At the end of the first term of the BJP-led National Democratic Alliance government, more than 200 scientists appealed to Indian voters to reject intolerance, lynching, assaults, discrimination on religious grounds, or on the basis of caste, gender, language or region. When it was issued, the letter was considered and unusual move from India’s research community, who rarely male political or social interventions.
It is incumbent on the Speaker of Parliament and the President of India to promote the scientific temper and a spirit of enquiry and reform. It is not too much to expect them—even unsuccessfully—to counter the blather with a dash of sense.
Last month, India launched Chandrayaan 2, a mission to land a rover on the moon.

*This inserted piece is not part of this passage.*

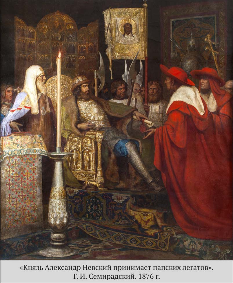 Быть великим князем в стране, завоёванной иностранцами, нелегко. Однажды монголы решили взимать дань с населения Новгорода, который, как мы помним, не был ими завоёван. В Новгород прибыли баскаки (сборщики дани) и пошли по домам, так как дань была объявлена подушной: каждый человек, проживавший в доме (независимо от возраста и размера имущества) должен был платить одинаковых размеров дань. Дань не платили лишь те, кто проживал за воротами храма – в церкви или в монастыре. Новгородцы возмутились, некоторых баскаков поубивали, а остальные помчались в стольный город Владимир к великому князю Александру Ярославовичу.

This was considered as a significant step demonstrating scientific and engineering capacity. “It put India firmly within a select group of countries prowling the solar system for commercial, strategic, and scientific reasons,” as Pervez Hoodbhoy, the prominent Pakistani physicist and human rights activist, wrote in Dawn newspaper.
“It is natural that India’s Hindutva government should boast Chandrayaan-2 as its own achievement and claim continuation with imagined glories from Vedic times. But rightfully the credit goes elsewhere. Just imagine if history could be wound back by 70-80 years and prime minister Jawaharlal Nehru was replaced by Narendra Modi... an army of rishis [sages] would outnumber physicists. The cure for cancer would be sought in yoga while floods and earthquakes would somehow be linked to cow slaughter. Instead of devising Chandrayaan, Indian scientists would be searching for the fictitious Vimana of Ravana.
But Nehru or not, the war on science is on and cannot be fought by scientist unless India’s actual achievements in the field are re-emphasised. Ordinary students, teachers and intellectuals must question patently false claims, scrutinise them and ridicule such pearls of wisdom. This is why the students of IIT Bombay are worth emulating.
Subhash Gatade is an activist and social and political commentator. Views are personal.